A tourist bought a pinwheel and got back in the bus. Gracie pulled away muttering. In Europe the nuns wear bonnets like cantilevered beach houses. That's surreal, she said. A traffic jam developed not far from the Wall. The two women sat and waited. They watched children walk home from school, eating coconut ices. Two tables on the sidewalk-free condoms at one, free needles at the other.

"Granted, he may be gay. But this doesn't mean he has AIDS."

Sister Edgar said nothing.

"All right, this area is an AIDS disaster. But Ismael's a smart man, safe, careful."

Sister Edgar looked out the window.

A clamor rising all about them, weary beeping horns and police sirens and the great saurian roar of fire-engine klaxons.
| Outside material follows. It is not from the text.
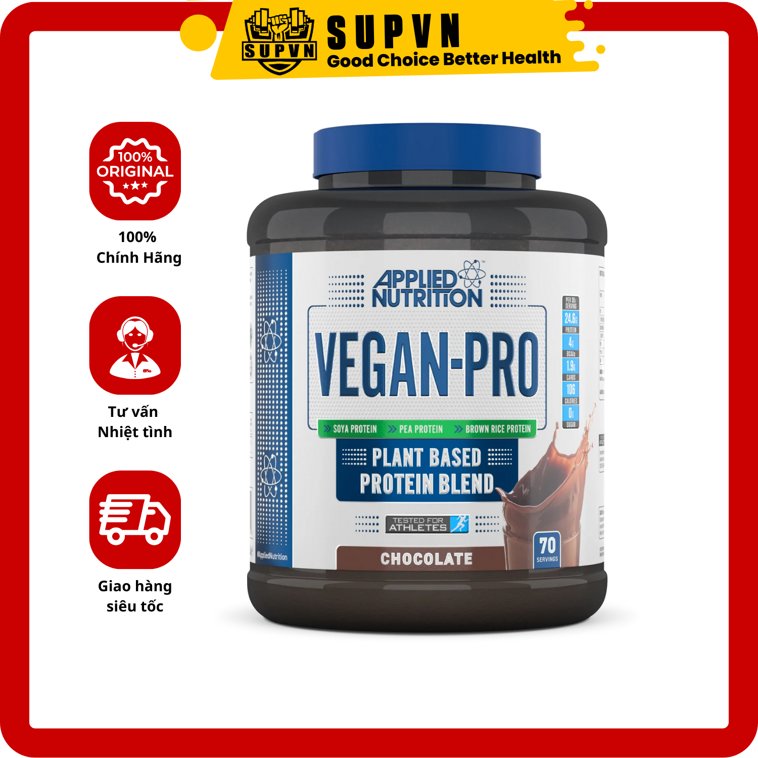 Vegan Pro Applied Nutrition - Nguồn dinh dưỡng hoàn hảo cho người ăn chay Vegan Pro Applied Nutriton là sản phẩm cung cấp protein quan trọng cho chế độ ăn thuần chay. Nó đến từ thương hiệu Applied Nutriton, một trong những nhà cung cấp thực phẩm bổ sung nổi tiếng tại Anh. Tại sao nên chọn Vegan Pro Applied Nutriton? Vegan Pro Applied Nutriton là sự lựa chọn hoàn hảo cho nhiều đối tượng, đặc biệt là những người ăn chay. Bạn nên bổ sung sản phẩm này vào chế ăn hằng ngày của mình vì: Nhiều công dụng vượt trội được kết hợp trong một sản phẩm Nhiều công dụng vượt trội Hỗ trợ đắc lực trong quá trình tăng cân, giảm mỡ.Tạo cảm giác no lâu đồng thời hạn chế cơn thèm ăn.Giúp xây dựng và phục hồi cơ bắp sau tập luyện.Cung cấp đến 22 loại amino acid giúp cơ bắp phát triển.Giúp da sáng đẹp hơn, hạn chế nóng trong người và nổi mụn.Thành phần sản phẩm không chứa cholesterol và chất béo giảm thiểu nguy cơ mắc bệnh tim mạch và mỡ máu. Vegan Pro - hỗn hợp protein thuần chay chất lượng cao Vegan Pro Applied Nutriton được kết hợp giữa Protein đậu nành, Protein hạt đậu, protein cây gai dầu và Protein gạo. Qua đó mang đến nguồn protein cao cấp với đầy đủ các axit amin thiết yếu. Whey thực vật chất lượng cao Sản phẩm này phù hợp với những người đang ăn chay trường muốn bổ sung thêm protein cho cơ thể. Nó hỗ trợ đắc lực trong việc tăng trưởng và duy trì khối lượng cơ. Sự kết hợp tuyệt vời của các axit amin chuỗi nhánh cao Sản phẩm có sự góp mặt của leucine, isoleucine và valine. Theo đánh giá của các chuyên gia, đây là những chất không thể thiếu trong quá trình tăng trưởng và duy trì khối lượng cơ. Đặc biệt là đối với các cá nhân có chế độ ăn thuần chay. Applied Nutrition - Doanh nghiệp cung cấp TPBS hàng đầu tại Anh Quốc Thương hiệu hàng đầu Anh Quốc Sau bao nỗ lực và cố gắng, Applied Nutrition đang dần trở thành một trong những thương hiệu cung cấp thực phẩm bổ sung đáng tin cậy nhất thế giới. Với đội ngũ những người đam mê dinh dưỡng thể thao, đơn vị này đang tạo ra những sản phẩm mới mang tính cách mạng trên thị trường. Có mặt trên 65 quốc gia toàn thế giới và được sử dụng bởi nhiều vận động viên nổi tiếng Applied Nutrition hẳn là sự lựa chọn hoàn hảo cho nhiều người. Những điều cần lưu ý khi sử dụng Vegan Pro Applied Nutrition Sử dụng sản phẩm một cách tùy tiện, không đọc kỹ hướng dẫn và lưu ý của nhà sản xuất là lỗi à nhiều người gặp phải. Đừng bỏ qua những thông tin giá trị sau nếu bạn muốn sản phẩm của mình phát huy được các công dụng tối ưu. Tham khảo ý kiến các chuyên giá nếu bạn đang thuộc đối tượng: đang mang thai hoặc cho con bú, dưới 18 tuổi và có tiền sử bệnh lý.Sử dụng sản phẩm kết hợp với chế độ ăn uống đa dạng và một lối sống lành mạnh.Tuyệt đối không nên sử dụng quá liều lượng được nhà sản xuất khuyến cáo.Bảo quản sản phẩm ở nơi khô ráo, thoáng mát, tránh xa tầm với của trẻ nhỏ.Ngưng sử dụng nếu sản phẩm có dấu hiệu chuyển màu hoặc có mùi khác thường. Vegan Pro Applied Nutrition phù hợp với những ai? Vegan Pro Applied Nutrition sử dụng được cho đa dạng đối tượng nhưng không phải ai cũng phù hợp để sử dụng sản phẩm này. Đừng bỏ qua những ý sau để biết liệu bạn có nằm trong danh sách những người phù hợp với sản phẩm không nhé! Những cá nhân ăn chay nhưng vẫn muốn bổ sung protein vào thực đơn của mình để xây dựng cơ bắp và duy trì chế độ ăn uống lành mạnh.Các vận động viên đang phải ăn thuần chay theo giáo án đặc biệt.Những đối tượng không thích hoặc không hợp với whey proteinNhững người bị cao mỡ máu hay cao huyết ápGiá sản phẩm trên Tiki đã bao gồm thuế theo luật hiện hành. Bên cạnh đó, tuỳ vào loại sản phẩm, hình thức và địa chỉ giao hàng mà có thể phát sinh thêm chi phí khác như phí vận chuyển, phụ phí hàng cồng kềnh, thuế nhập khẩu (đối với đơn hàng giao từ nước ngoài có giá trị trên 1 triệu đồng).....

"Sister, sometimes I wonder why you put up with all this," Gracie said. "You've earned some peace and quiet. You could live upstate and do development work for the order. How I would love to sit in the rose garden with a mystery novel and old Pepper curled by my feet." Old Pepper was the cat in the motherhouse upstate. "You could take a picnic lunch to the pond."

Edgar had a mirthless inner grin that floated somewhere back near her palate. She did not yearn for life upstate. This was the truth of the world, right here, her soul's own home, herself-she saw herself, the fraidy child who must face the real terror of the streets to cure the linger of destruction inside her. Where else would she do her work but under the brave and crazy wall of Ismael Mufioz?
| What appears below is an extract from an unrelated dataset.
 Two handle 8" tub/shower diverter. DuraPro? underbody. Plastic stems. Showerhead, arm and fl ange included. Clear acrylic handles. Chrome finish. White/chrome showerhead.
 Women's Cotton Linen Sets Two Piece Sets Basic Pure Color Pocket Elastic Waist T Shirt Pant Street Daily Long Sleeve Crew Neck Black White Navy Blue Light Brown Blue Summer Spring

Then Gracie was out of the van. She was out of the seat belt, out of the van and running down the street. The door hung open. Edgar understood at once. She turned and saw the girl, Esmeralda, half a block ahead of Gracie, running for the Wall. Gracie moved among the cars in her clunky shoes and frump skirt. She followed the girl around a corner where the tour bus sat dead in traffic. The tourists watched the running figures. Edgar could see their heads turn in unison, pin-wheels spinning at the windows.

All sounds gathered in the dimming sky.

She thought she understood the tourists. You travel somewhere not for museums and sunsets but for ruins, bombed-out terrain, for the moss-grown memory of torture and war. Emergency vehicles were massing about a block and a half away. She saw workers pry open subway gratings in billows of pale smoke and she knew she ought to say a fast prayer, an act of hope, three years' indulgence, but she only watched and waited. Then heads and torsos began to emerge, indistinctly, people coming into the air with jaws skewed open in frantic gasps.

A short circuit, a subway fire.

Through the rearview mirror she spotted tourists getting off the bus and edging along the street, poised to take pictures. And the schoolkids going by, barely interested-they heard shootings all the time out their windows at night, death interchangeable on the street and TV But what did she know, an old woman who ate fish, still, on Friday, beginning to feel useless here, far less worthy than Sister Grace. Gracie was a soldier, a fighter for human worth. Edgar was basically a junior G-man, protecting a set of laws and prohibitions.

She had a raven's heart, small and obdurate.

She heard the yammer of police cars pulsing in stalled traffic and saw a hundred subway riders come up out of the tunnels accompanied by workers in incandescent vests and she watched the tourists snapping pictures and thought of the trip she'd made to Rome many years ago, for study and spiritual renewal, and she'd swayed beneath the great domes and prowled the catacombs and church basements and this is what she thought as the riders came up to the street, how she'd stood in a subterranean chapel in a Capuchin church and could not take her eyes off the skeletons stacked there, wondering about the monks whose flesh had once decorated these metatarsals and femurs and skulls, many skulls heaped in alcoves and hidey-holes, and she remembered thinking vindictively that these are the dead who will come out of the earth to lash and cudgel the living, to punish the sins of the living-death, yes, triumphant.